Question 831437
The ball hits the ground when {{{h=0}}} so we solve
{{{-16t^2+64t+264=0}}}
Dividing both sides of the equation by 8, it becomes
{{{-2t^2+8t+33=0}}}
Using the quadratic formula we find two solutions given by
{{{t = (-8 +- sqrt(8^2-4*(-2)*33 ))/(2*(-2)) }}}
{{{t = (-8 +- sqrt(64+264))/(-4) }}}
{{{t = (-8 +- sqrt(328))/(-4) }}}
{{{t = (8 +- sqrt(328))/4 }}} .
We take {{{t=(8+sqrt(328))/4=(4+sqrt(82))/2}}} because the other solution is negative.

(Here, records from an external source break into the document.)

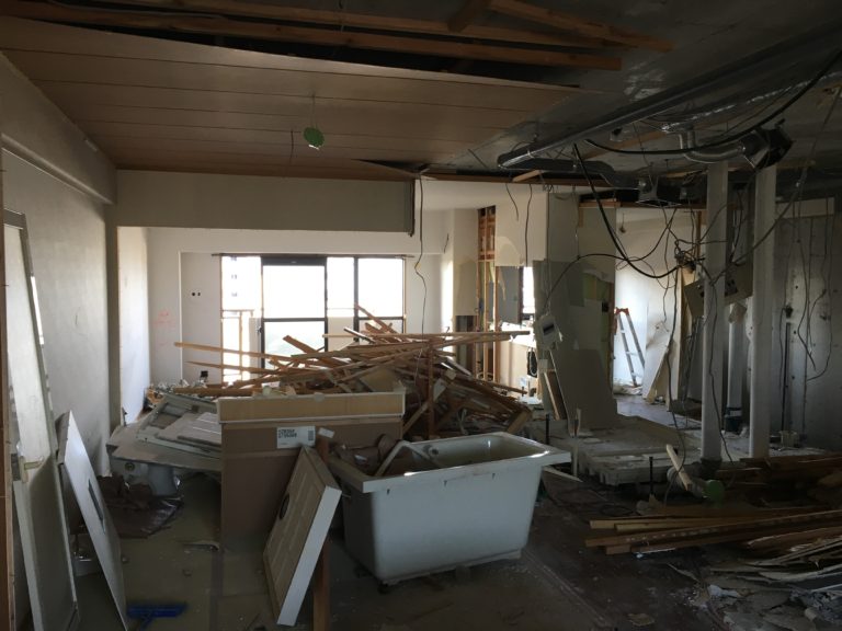 ここからの廃材搬出が大変。図面では分からなかった納まりも見えてきた。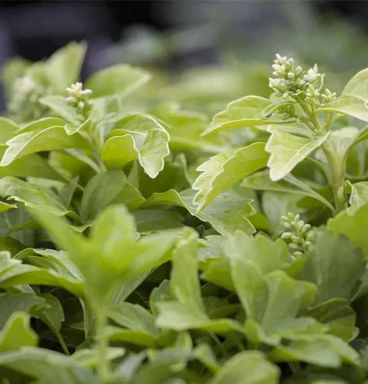 Das Dickmännchen (Pachysandra terminalis) ist ein ausläuferbildender, kriechender Halbstrauch, der cremeweiße, in Ähren angeordnete Blüten hervorbringt. Sie erscheinen von April bis Mai. Zudem trägt das Dickmännchen, eiförmige, dunkelgrüne Blätter. An einem halbschattigen bis schattigen Standort mit humosem, lockerem Boden erreicht es gewöhnlich eine Höhe von ca. 30 cm und wird ca. 50 cm breit.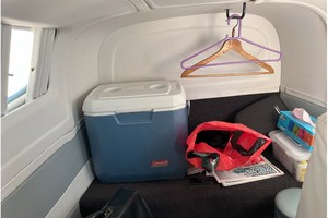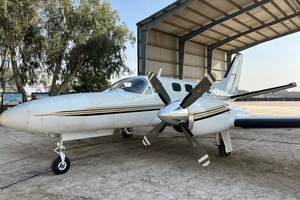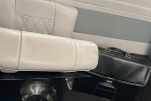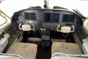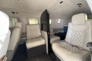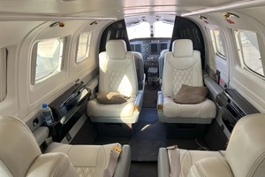 Six passenger configuration. Forward – 4-place club. Aft – side-facing seat opposite the door with aft, forward-facing seat. Toilet in aft section. Light Beige over light Grey leather seats with Gold plate accessories. Dark wood veneer cabinetry. Charcoal carpet.

The approximate value is {{{highlight(6.53seconds)}}} .
 
NOTES:
Physics says that the person threw the ball up at an initial speed of
64 ft/sec.
Physics also says that the wording to the problem is wrong, because the equation says that the ball starts at 264 feet over the ground. That would be where the hand of the person standing close to the edge on the top of the building was as the ball left the hand. I would expect that hand to be 3 to 4 feet above the level the person is standing on. The problem did not need to mention the height of the building.